**TRY IT**
Using the listing below, copy exactly each line from the one that has "Progress! Jean-Paul has" through the one that has "5/2 5・6年生 公開日"; omit the pictures.

-*-

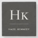Monogram Simple Elegant Minimalist Monogrammed Initials Name Black White Stone Coaster
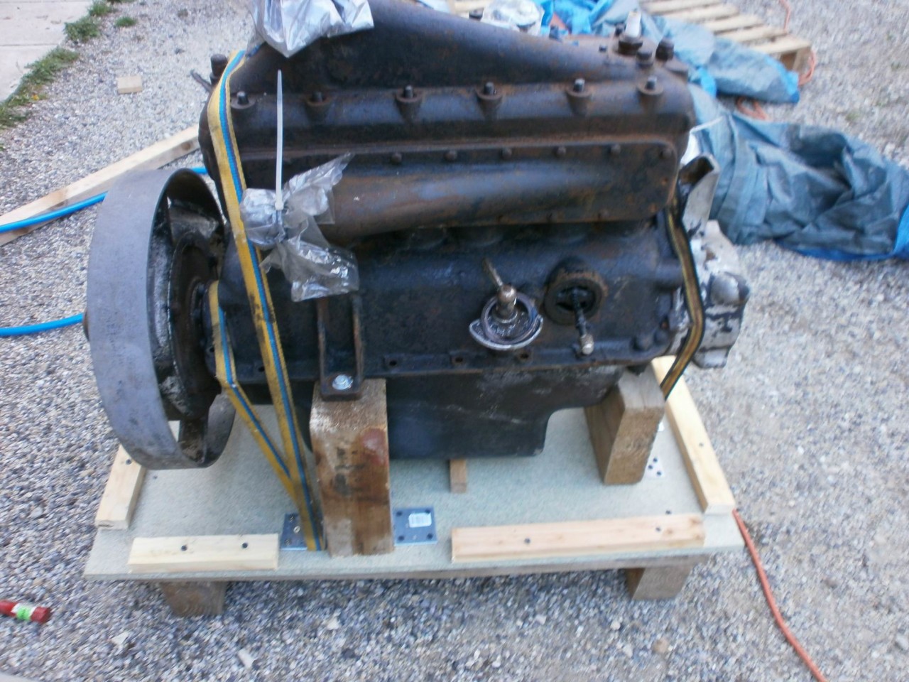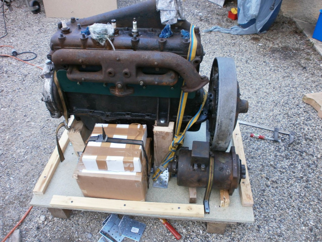 Progress! Jean-Paul has sent these photographs of the Mona-six engine being made ready for the long journey from the South-east of France to the South-east of Australia.You can clearly see the large flywheel cooling fan and the Dynastart lashed down beside the motor.This mounts onto the front of the timing case and is driven directly from the front of the crankshaft. Carburettor, distributor etc are packed carefully in the smaller boxes.
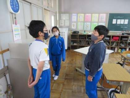 5/2 5・6年生 公開日 2023/05/02 更新日 2023/05/02 各学年から 5・6年生 対話トレーニングの様子です。 「問答ゲーム」に取り組みました。今日は、質問に対する自分の考えを、理由を二つ入れて答える活動を行いました。相手にわかりやすく伝えることを意識しながら対話する姿が見られました。今回も、よい対話ができていたペアを選び、伝え合う活動を行いました。お互いのよさを認め合い、学び合うことで、どんどん対話の技能が高まっていることを感じます。引き続きがんばっていきましょう。
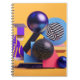 This modern abstract artwork is a striking exploration of form, contrast, and playful balance. Sculptural geometric shapes stack and intersect in a carefully composed arrangement, blending spheres, circles, rectangles, and blocks into a visually confident design. Bold colors—golden yellow, deep blue, vibrant purple, coral pink, and black—create strong contrast, while patterned surfaces add texture and rhythm to the composition.
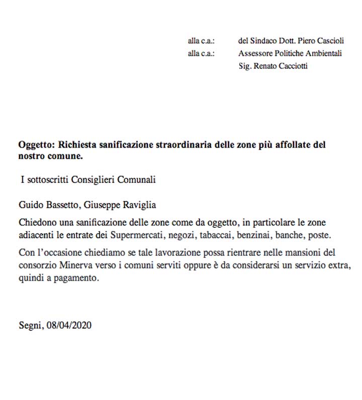 SEGNI – I Consiglieri comunali di opposizione Guido Bassetto (M5S) e Giuseppe Raviglia (Raviglia Sindaco) hanno protocollato nella giornata di ieri, 8 Aprile, la “Richiesta di sanificazione straordinaria delle zone più affollate” del Comune di Segni.

-*-

**RESPONSE AREA**
 Progress! Jean-Paul has sent these photographs of the Mona-six engine being made ready for the long journey from the South-east of France to the South-east of Australia.You can clearly see the large flywheel cooling fan and the Dynastart lashed down beside the motor.This mounts onto the front of the timing case and is driven directly from the front of the crankshaft. Carburettor, distributor etc are packed carefully in the smaller boxes.
 5/2 5・6年生 公開日 2023/05/02 更新日 2023/05/02 各学年から 5・6年生 対話トレーニングの様子です。 「問答ゲーム」に取り組みました。今日は、質問に対する自分の考えを、理由を二つ入れて答える活動を行いました。相手にわかりやすく伝えることを意識しながら対話する姿が見られました。今回も、よい対話ができていたペアを選び、伝え合う活動を行いました。お互いのよさを認め合い、学び合うことで、どんどん対話の技能が高まっていることを感じます。引き続きがんばっていきましょう。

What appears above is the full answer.